Since \(\Gamma \) is smooth with nonzero Gaussian curvature everywhere, by stationary phase (see, e.g. [14]) and the construction of \(g\) (see (6.3)),

$$\begin{aligned} \int |\widehat{\psi \sigma }(r(\xi -a))|^2g(r)\,dr\lesssim |\xi -a|^{-(d-1)}. \end{aligned}$$

Thus, to prove Lemma 6.1, it suffices to show

$$\begin{aligned} \int \int |\hat{\mu }(a)|^2|\xi -a|^{-(d-1)}|\xi |^{-d-1+s-\epsilon }\,da\,d\xi <\infty . \end{aligned}$$
(7.2)

For each \(a\ne 0\), let \(\xi =|a|\zeta \), then

$$\begin{aligned} \int |\xi -a|^{-(d-1)}|\xi |^{-d-1+s-\epsilon }\,d\xi =|a|^{-d+s-\epsilon }\int |\zeta -\frac{a}{|a|}|^{-(d-1)}|\zeta |^{-d-1+s-\epsilon }\,d\zeta . \end{aligned}$$

When \(\epsilon \) is small, \(1<s-\epsilon <d\), then \(\int |\zeta -\frac{a}{|a|}|^{-(d-1)}|\zeta |^{-d-1+s-\epsilon }\,d\zeta <\infty \) uniformly because \(\frac{a}{|a|}\in S^{d-1}\) which is compact.
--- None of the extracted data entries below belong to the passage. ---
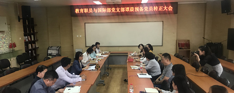 教育职员与国际部党支部在本次组织生活中进行了谭晨预备党员转正大会。
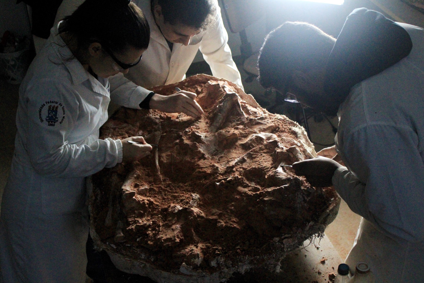 وبعد أربعة أيام من أعمال التنقيب، تمكّن فريق من علماء الحفريات من جامعة سانتا ماريا الفدرالية (UFSM) من إزالة ونقل كتلة الصخور التي تحتوي على الهيكل العظمي المتحجر إلى مركز أبحاثها.
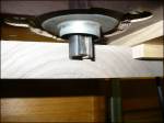 Man greift zum nächst besten Stück Abfallbrett und erstellt sich daraus die Schablone. Im gezeigten Fall handelt es sich um einen alten Regalboden aus Schichtholz 20 mm stark. Das Erstellen der Einzelteile und das Verleimen mit Dominodübel hat alles zusammen ca. 1 Stunde Zeit in Anspruch genommen. Die Schablone passt wunderbar auf die dafür vorgesehenen Bretter! Die Ernüchterung folgt dann aber beim Fräsen…
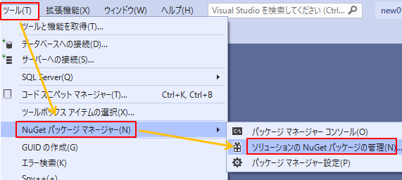 1.ツール→NuGetパッケージマネージャー→ソリューションのNuGetパッケージの管理をクリックします。
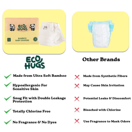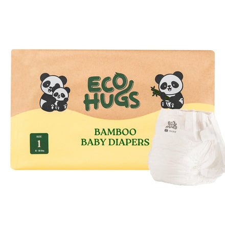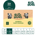 EcoHugs Organic Bamboo Diapers Size 1 | Ultra-Soft Disposable Baby Diapers | Hypoallergenic and Super Absorbent | Unscented and Totally Chlorine Free | Pack of 30
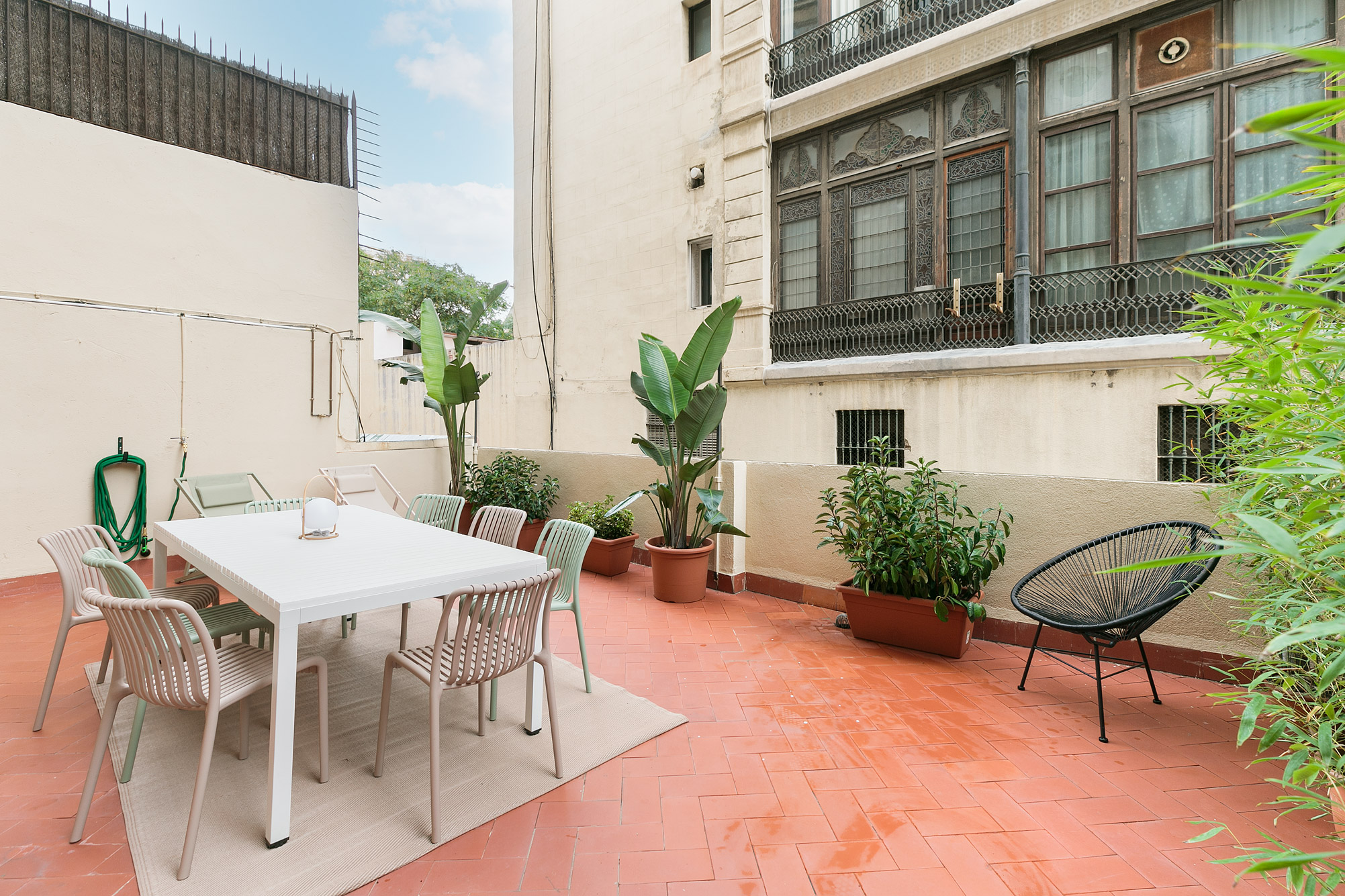 Desde el salón se accede a una gran terraza común, un verdadero oasis urbano con mesa para comer al aire libre, hamacas y zona de ducha, ideal para tomar el sol, leer o relajarte durante los días de verano.
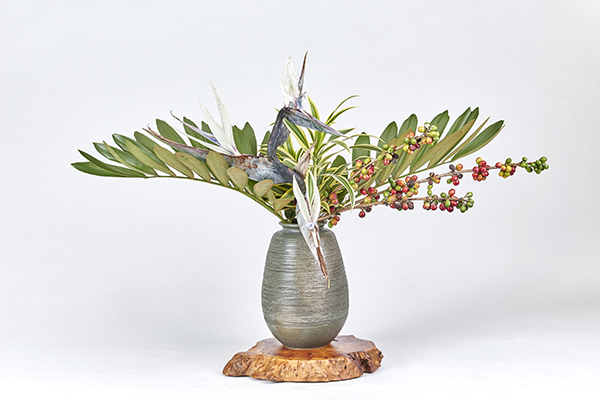 芭蕉蘭葉、椰子葉、黃金側柏、波斯菊、蛇木、劍尾雞冠

Hence

$$\begin{aligned} \begin{aligned} \int \int |\hat{\mu }(a)|^2|\xi -a|^{-(d-1)}|\xi |^{-d-1+s-\epsilon }\,da\,d\xi&\lesssim \int |\hat{\mu }(a)|^2|a|^{-d+s-\epsilon }\,da\\&<\infty , \end{aligned} \end{aligned}$$
(7.3)

which proves (7.2) and completes the proof of Lemma 6.1.